Colombo War Memorial
Colombo’s war memorial on Galle Face Green is a slender Lutyens victory column on an undercut base, carved with oak leaves and birds of prey and originally intended to carry a permanent flame, erected in 1923, dismantled during the Second World War as a bombing risk and later re‑erected on a new site with added name tablets.
Description
Lutyens’s war memorial in Colombo, which takes the form of a victory column, deserves to be more widely known. It takes the form of a slender victory column mounted on a typical Lutyens undercut base. Some of the details, such as the oak leaf carving on the shaft and the four birds of prey around the base of the shaft were to appear shortly afterwards in the more well-known Jaipur Column outside the Rashtrapati Bhavan in New Delhi.
Lutyens had originally intended that the top of the column would be a brazier that would be a “column of smoke by day and of fire by night”. His wife, Lady Emily saw it when she stopped in Colombo in 1925 on her way back from Australia: “It looked like the eye of a needle, and I did not like it very much. I understand that it is meant for a flame but without the light it looks very odd”.
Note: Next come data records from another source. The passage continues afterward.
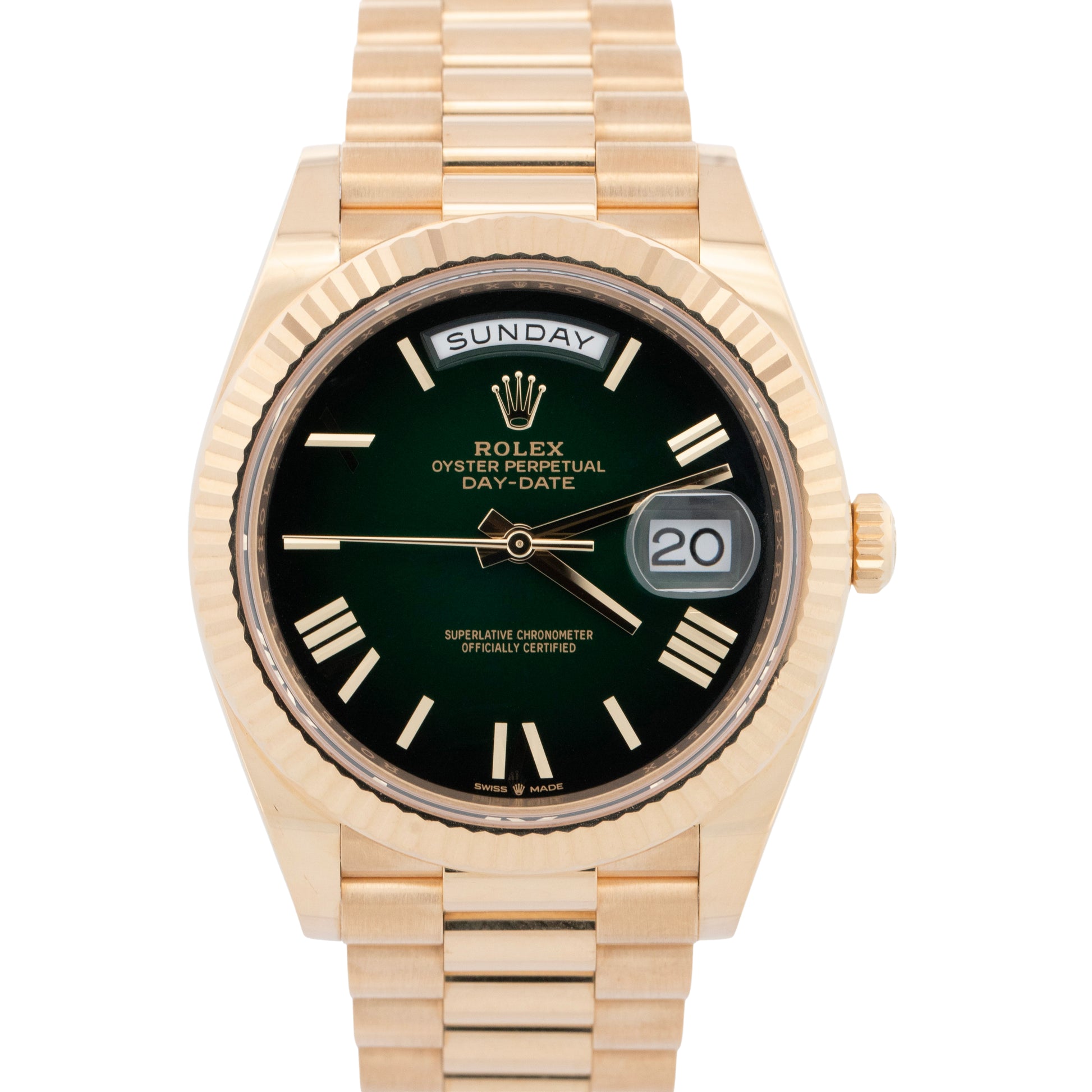 PAPERS Rolex Day-Date President 40mm GREEN OMBRE Yellow Gold 228238 Watch BOX
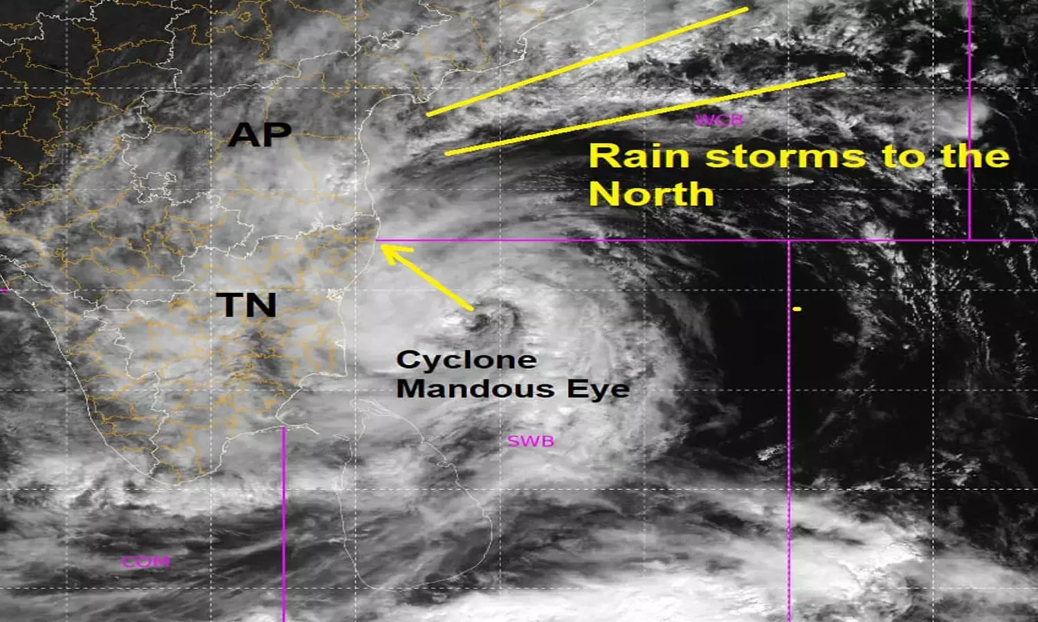 బంగాళాఖాతంలో తీవ్రతుపానుగా ఉన్న మాండూస్.. తుపానుగా బలహీనపడింది. ప్రస్తుతం చెన్నైకి తూర్పు ఆగ్నేయ దిశగా 260 కిలోమీటర్ల దూరంలో కేంద్రీకృతమై ఉంది. తుపాను గమనాన్ని కచ్చితంగా అంచనా వేసేందుకు కారైక్కాల్, చెన్నైలోని డాప్లర్ వెదర్ రాడార్లతో పరిశీలిస్తున్నట్టు భారత వాతావరణ విభాగం వెల్లడి (ఐఎండీ) వెల్లడించింది. వాయవ్య దిశగా పయనించి.. ఈ అర్థరాత్రి తర్వాత పుదుచ్చేరి, శ్రీహరి కోటల మధ్య మహాబలిపురంకు సమీపంలో తీరం దాటనున్నట్లు ఐఎండీ అంచనా వేసింది.
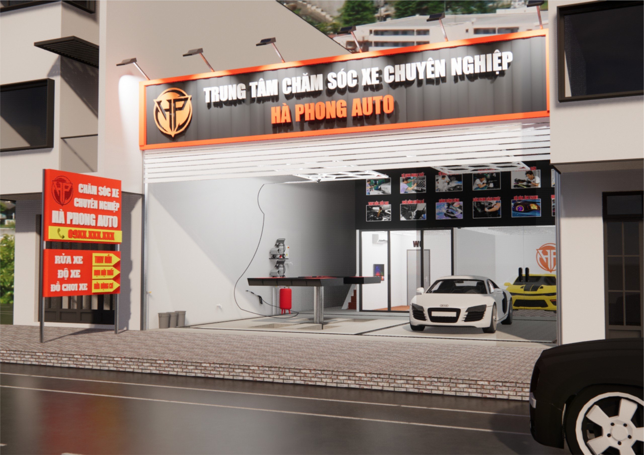 Hà Phong Auto với diện tích tổng thể là 160m², mặt tiền rộng 10m, sâu vào bên trong là 16m, được chia ra thành hai khu vực dịch vụ chính cùng các phòng chức năng. Khu vực dịch vụ rửa xe có cầu nâng, khu làm dịch vụ khô như: dọn nội thất, rửa máy, vệ sinh ngoại thất, làm lốp,...Phía bên trong có phòng phủ ceramic, phòng khách, một phòng vệ sinh và được thiết kế hành lang có gác xép phía trên.

The memorial, located on Galle Face Green, was unveiled by the Governor, Sir William Manning on 23 October 1923. However with the advent of World War Two it was dismantled because it was felt that it would be a bombing target for Japanese aircraft. The memorial was re-erected on a new site and the peristyle incorporating tablets with the names of the later dead (not by Lutyens) was then added.